The course of a life can turn on small incidents. Funny that I never told him about this. But seeing the photograph of Professor Dale A. Johnson in the Vanderbilt Divinity School catalog in the summer of 1975 triggered the internal motion that resulted in my enrollment at VDS later that same summer.

To be sure, other factors contributed to this choice. Encouraged by a Church of Christ mentor in whom I had developed an uncritical trust, I had cobbled together a complicated arrangement for funding my divinity school career abroad. It involved a group of Church of Christ congregations in Texas. I am pretty sure this “arrangement” had reality only in my own wishful dreamscape. Nothing was ever signed or even verbally agreed to. No memorandum of understanding between me and these congregations was ever drafted.

Amazingly, I had never even met the good people of the plains whom I nevertheless expected to make it possible for me and my young wife to travel to Scotland, where a bursary – the Scottish word for scholarship – was being held for me by New College, Edinburgh. There I would add to my stellar academic work labor as assistant to the previously mentioned mentor, a Church of Christ “missionary” from my home town in Texas who was being supported by churches in the States to persuade the working class Scots of Glasgow’s Castlemilk housing project to “obey the Gospel” and become members of the True Church. As Jack Paar would say, I kiddeth thou not.

That this ill-advised funding scheme fell through in mid-summer I regard now as great good fortune. But in the event I felt pressure to come up with plan B. At the eleventh hour – just two weeks before classes were to begin – Frank Gulley, then associate dean of Vanderbilt Divinity School, called to say that VDS wanted me as a student and could provide me with a partial scholarship that I could supplement with a job in the school’s work/study program.

I had applied to Vanderbilt Divinity School just before I got married in July, thinking it might be a good idea to have a backup plan in case the funding scheme for Scotland evaporated. It was just about the only prudential thing I managed to do that summer.
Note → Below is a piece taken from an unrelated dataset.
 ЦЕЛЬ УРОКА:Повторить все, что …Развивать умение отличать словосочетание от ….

A college professor I respected and admired – after four years toeing the ideological line at Abilene Christian College I was willing to say that about very few of my teachers – a teacher I admired who was a widely respected scholar of the Hebrew Bible had graduated from Vanderbilt’s Graduate Department of Religion with a Ph.D. When I encountered him one morning in the college bookstore, I asked him whether he would advise me to go to Vanderbilt Divinity School. Professor John T. Willis said yes, but added that I would need to be strong lest Vanderbilt cause me to lose my faith.
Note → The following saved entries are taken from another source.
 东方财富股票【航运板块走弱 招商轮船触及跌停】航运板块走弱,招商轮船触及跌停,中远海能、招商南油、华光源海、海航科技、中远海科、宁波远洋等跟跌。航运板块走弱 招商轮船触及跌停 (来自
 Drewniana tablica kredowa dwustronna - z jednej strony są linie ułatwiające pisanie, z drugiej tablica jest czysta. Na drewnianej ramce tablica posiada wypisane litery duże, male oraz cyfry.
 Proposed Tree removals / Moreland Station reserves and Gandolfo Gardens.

Hard upon Willis’s qualified endorsement, the scholarship offer from Dean Gulley was a major incentive. My parents had been clear that they would not provide financial support beyond my college graduation. At the time, this seemed reasonable enough. Besides, I was eager for the freedom and the challenges of being on my own in the world. Newly married at 22, I was – we were – now to sit on our own bottom financially. And we did. We both found jobs soon after unpacking our modest assemblage of belongings in a Nashville apartment.

Our friends Michael and Marceline had graduated, married and moved from Texas to Nashville earlier that same summer, both with intentions to go to Vanderbilt, he for divinity, she for law. It helped that college friends we knew and liked had already blazed a trail to the Athens of the South. We were callow, exuberant, curious and full of the sort of rebellious intellectual piss and vinegar that an upbringing in the Churches of Christ can create in some people. We drank a fair amount and tried exotic recipes on each other. Marceline smoked Gitanes, stopped shaving her armpits and discarded her bra. We went to foreign films at VU’s Sarratt Center and deconstructed them long into the night before turning our analytical prowess to post-Watergate politics. We went together – to a drive-in, of all unlikely venues – to witness the first porn movie any of us had ever seen, which, as far as I can remember, was Debbie Does Dallas.

But the photograph was before all that. Before John Willis’s endorsement, before the scholarship offer and before Michael and Marceline had moved to Nashville ahead of us, a 22-year-old with dreams of academic adventure (and maybe even glory) sat in the Abilene Christian College library thumbing through the faculty section of Vanderbilt’s divinity school catalog. And there was the fateful image, an unremarkable sidewise profile of Dale A. Johnson, B.A., M.A., Oxon. in the classroom.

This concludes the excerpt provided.